## BRIEF
Would you please copy each line of the listing that mentions "Kids"?

## MATERIAL SUPPLIED
⁂

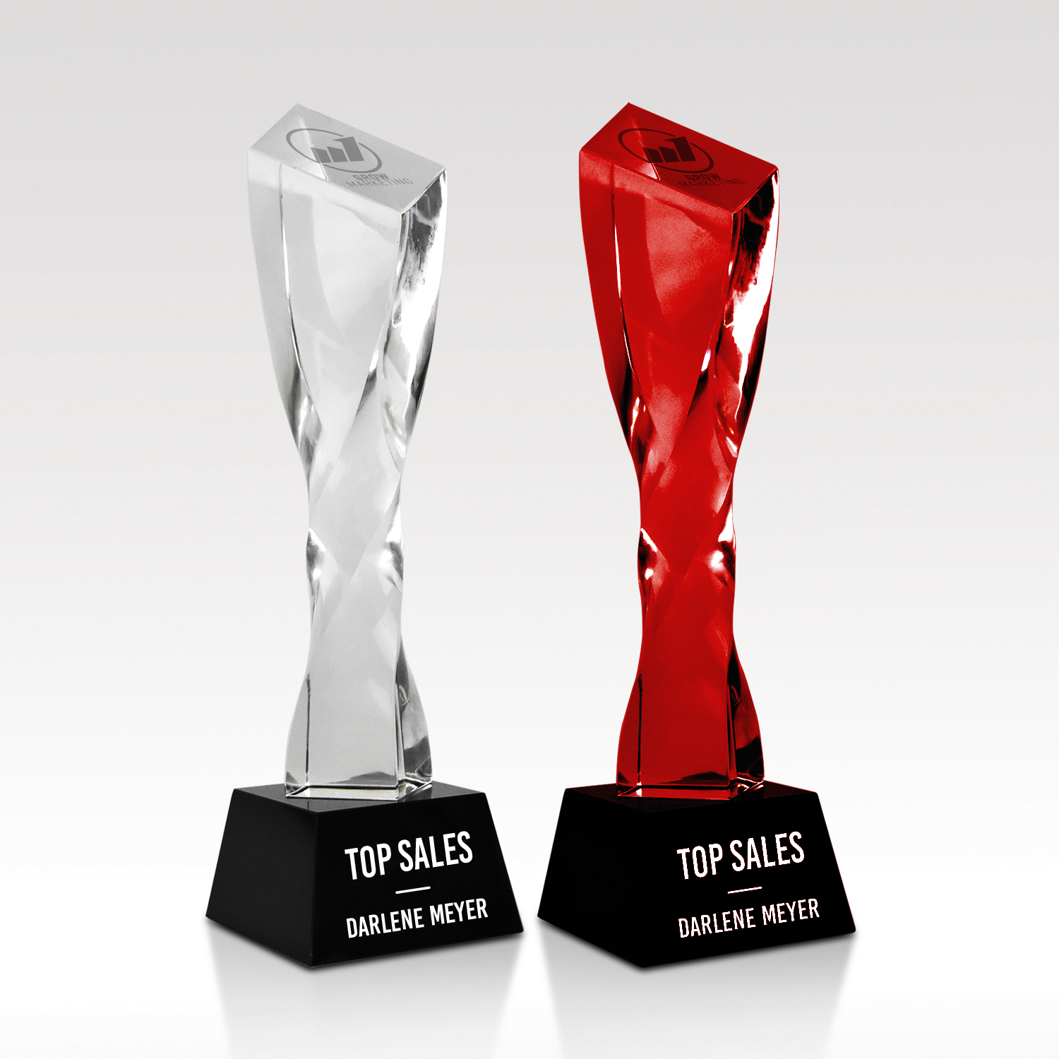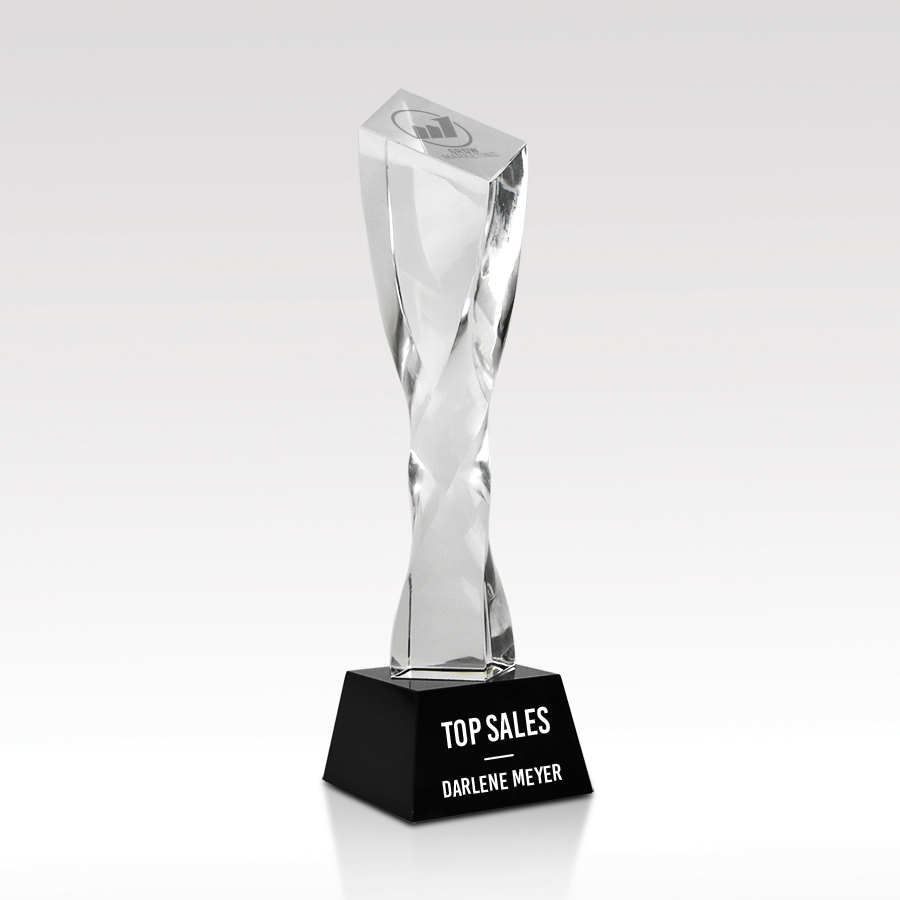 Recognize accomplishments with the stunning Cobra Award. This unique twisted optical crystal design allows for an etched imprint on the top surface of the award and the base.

⁂

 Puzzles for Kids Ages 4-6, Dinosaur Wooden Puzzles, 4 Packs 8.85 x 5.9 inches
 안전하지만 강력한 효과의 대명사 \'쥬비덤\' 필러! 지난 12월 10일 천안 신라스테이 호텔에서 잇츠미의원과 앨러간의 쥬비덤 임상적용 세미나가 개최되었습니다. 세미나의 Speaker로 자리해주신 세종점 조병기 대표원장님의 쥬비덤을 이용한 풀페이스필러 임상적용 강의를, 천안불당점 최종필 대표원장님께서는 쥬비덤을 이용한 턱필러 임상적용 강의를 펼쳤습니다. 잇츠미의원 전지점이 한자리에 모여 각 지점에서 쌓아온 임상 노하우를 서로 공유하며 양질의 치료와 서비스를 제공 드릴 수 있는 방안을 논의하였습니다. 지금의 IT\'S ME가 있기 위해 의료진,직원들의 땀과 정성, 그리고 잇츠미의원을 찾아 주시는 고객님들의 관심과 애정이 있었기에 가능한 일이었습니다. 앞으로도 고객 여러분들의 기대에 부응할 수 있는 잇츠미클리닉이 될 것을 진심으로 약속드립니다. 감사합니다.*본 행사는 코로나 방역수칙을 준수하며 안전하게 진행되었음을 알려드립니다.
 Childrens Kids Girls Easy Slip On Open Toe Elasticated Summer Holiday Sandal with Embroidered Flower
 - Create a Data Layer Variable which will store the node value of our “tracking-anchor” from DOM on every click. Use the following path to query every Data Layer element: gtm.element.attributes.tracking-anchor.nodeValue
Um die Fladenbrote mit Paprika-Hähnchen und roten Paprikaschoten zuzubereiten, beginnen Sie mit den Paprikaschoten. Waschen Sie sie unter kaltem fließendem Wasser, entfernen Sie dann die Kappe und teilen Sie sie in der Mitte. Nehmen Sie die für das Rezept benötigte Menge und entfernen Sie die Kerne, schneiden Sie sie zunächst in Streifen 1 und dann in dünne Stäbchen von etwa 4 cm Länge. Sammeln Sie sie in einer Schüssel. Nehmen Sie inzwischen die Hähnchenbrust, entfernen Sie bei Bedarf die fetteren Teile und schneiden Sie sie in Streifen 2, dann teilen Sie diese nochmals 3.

⁂

## ANSWER SECTION
 Puzzles for Kids Ages 4-6, Dinosaur Wooden Puzzles, 4 Packs 8.85 x 5.9 inches
 Childrens Kids Girls Easy Slip On Open Toe Elasticated Summer Holiday Sandal with Embroidered Flower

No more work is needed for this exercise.